━━━━━ Data section

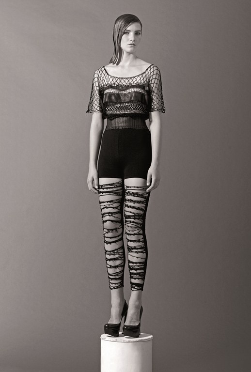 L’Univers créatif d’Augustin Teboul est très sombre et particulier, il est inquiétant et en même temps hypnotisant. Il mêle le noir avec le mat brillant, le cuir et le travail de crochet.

━━━━━━━━━━
━━━━━ Data section

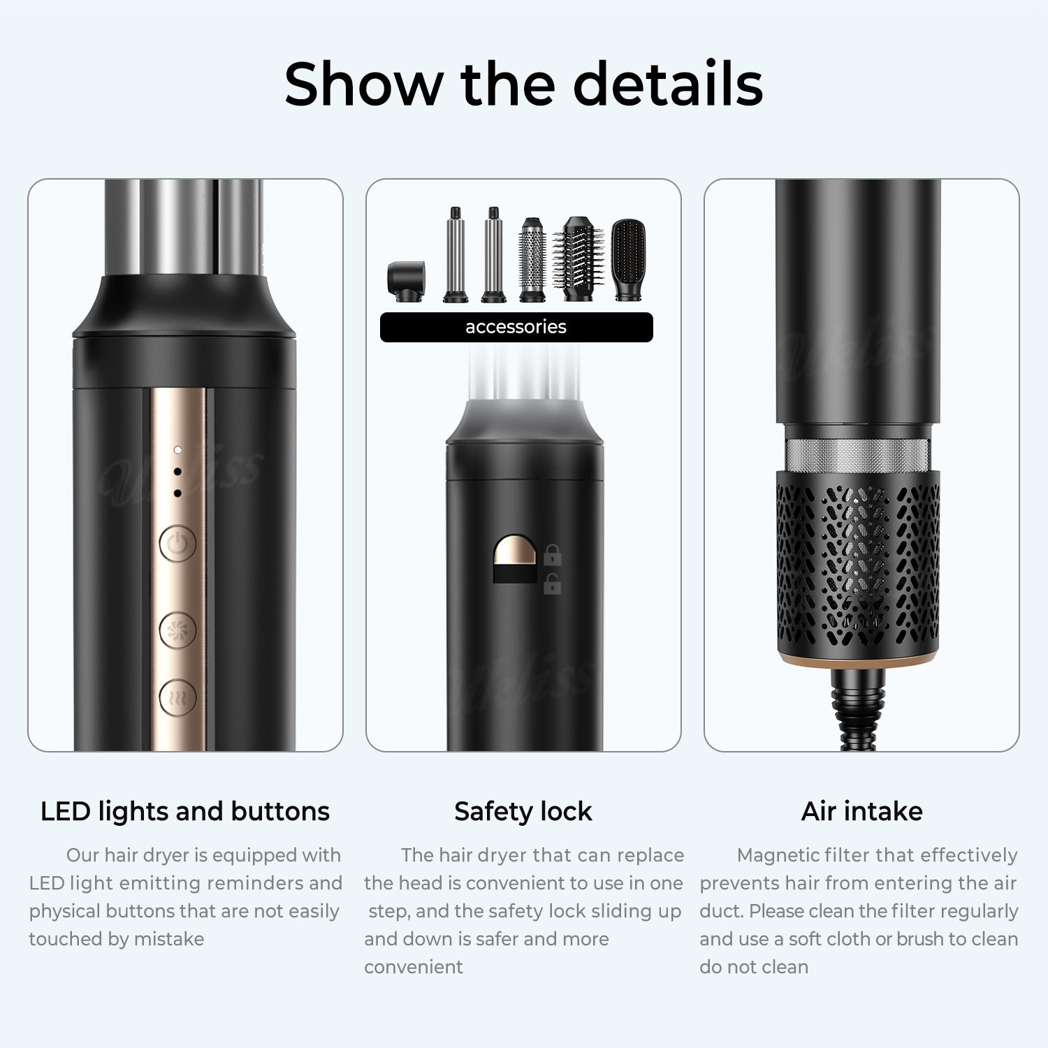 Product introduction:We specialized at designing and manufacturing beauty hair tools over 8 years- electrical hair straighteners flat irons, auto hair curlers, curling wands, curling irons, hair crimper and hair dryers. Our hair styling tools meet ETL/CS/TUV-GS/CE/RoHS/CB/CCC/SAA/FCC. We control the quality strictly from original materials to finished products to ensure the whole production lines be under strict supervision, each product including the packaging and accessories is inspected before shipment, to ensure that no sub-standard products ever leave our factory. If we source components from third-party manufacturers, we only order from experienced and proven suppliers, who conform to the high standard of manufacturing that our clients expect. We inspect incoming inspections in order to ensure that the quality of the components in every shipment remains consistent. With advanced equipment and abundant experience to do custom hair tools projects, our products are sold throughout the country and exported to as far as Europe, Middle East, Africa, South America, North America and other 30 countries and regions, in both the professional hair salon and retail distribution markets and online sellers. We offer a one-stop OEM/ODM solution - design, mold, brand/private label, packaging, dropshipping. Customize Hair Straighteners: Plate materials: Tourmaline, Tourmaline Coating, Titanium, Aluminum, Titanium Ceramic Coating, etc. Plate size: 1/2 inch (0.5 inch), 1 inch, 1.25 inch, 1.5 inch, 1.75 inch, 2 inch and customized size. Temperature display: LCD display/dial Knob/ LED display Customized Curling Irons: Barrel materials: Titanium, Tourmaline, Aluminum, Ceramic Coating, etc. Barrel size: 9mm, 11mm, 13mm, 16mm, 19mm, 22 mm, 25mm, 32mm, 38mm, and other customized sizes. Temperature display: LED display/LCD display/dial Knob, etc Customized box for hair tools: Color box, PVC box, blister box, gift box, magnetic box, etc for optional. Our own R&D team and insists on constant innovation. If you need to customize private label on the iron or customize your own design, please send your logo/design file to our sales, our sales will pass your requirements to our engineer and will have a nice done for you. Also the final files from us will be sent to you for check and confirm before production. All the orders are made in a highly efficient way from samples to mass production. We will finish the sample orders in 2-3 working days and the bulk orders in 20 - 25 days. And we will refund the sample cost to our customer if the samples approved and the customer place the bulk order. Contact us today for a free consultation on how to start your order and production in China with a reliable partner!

━━━━━━━━━━
━━━━━ Data section

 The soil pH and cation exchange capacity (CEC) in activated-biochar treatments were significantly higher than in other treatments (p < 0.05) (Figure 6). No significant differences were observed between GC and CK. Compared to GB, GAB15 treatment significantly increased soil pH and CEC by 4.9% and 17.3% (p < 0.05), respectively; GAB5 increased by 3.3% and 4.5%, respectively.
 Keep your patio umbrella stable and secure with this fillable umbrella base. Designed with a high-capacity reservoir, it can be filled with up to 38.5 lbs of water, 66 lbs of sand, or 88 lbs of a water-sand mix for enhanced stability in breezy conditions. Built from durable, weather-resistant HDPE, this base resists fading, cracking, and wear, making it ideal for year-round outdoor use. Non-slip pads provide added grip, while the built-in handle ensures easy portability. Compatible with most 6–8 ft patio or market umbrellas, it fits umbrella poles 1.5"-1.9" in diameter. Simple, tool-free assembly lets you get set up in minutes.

━━━━━━━━━━

→ Exercise: The lines to copy are those above that contain the string "capacity".

→ Solution to the problem:
 The soil pH and cation exchange capacity (CEC) in activated-biochar treatments were significantly higher than in other treatments (p < 0.05) (Figure 6). No significant differences were observed between GC and CK. Compared to GB, GAB15 treatment significantly increased soil pH and CEC by 4.9% and 17.3% (p < 0.05), respectively; GAB5 increased by 3.3% and 4.5%, respectively.
 Keep your patio umbrella stable and secure with this fillable umbrella base. Designed with a high-capacity reservoir, it can be filled with up to 38.5 lbs of water, 66 lbs of sand, or 88 lbs of a water-sand mix for enhanced stability in breezy conditions. Built from durable, weather-resistant HDPE, this base resists fading, cracking, and wear, making it ideal for year-round outdoor use. Non-slip pads provide added grip, while the built-in handle ensures easy portability. Compatible with most 6–8 ft patio or market umbrellas, it fits umbrella poles 1.5"-1.9" in diameter. Simple, tool-free assembly lets you get set up in minutes.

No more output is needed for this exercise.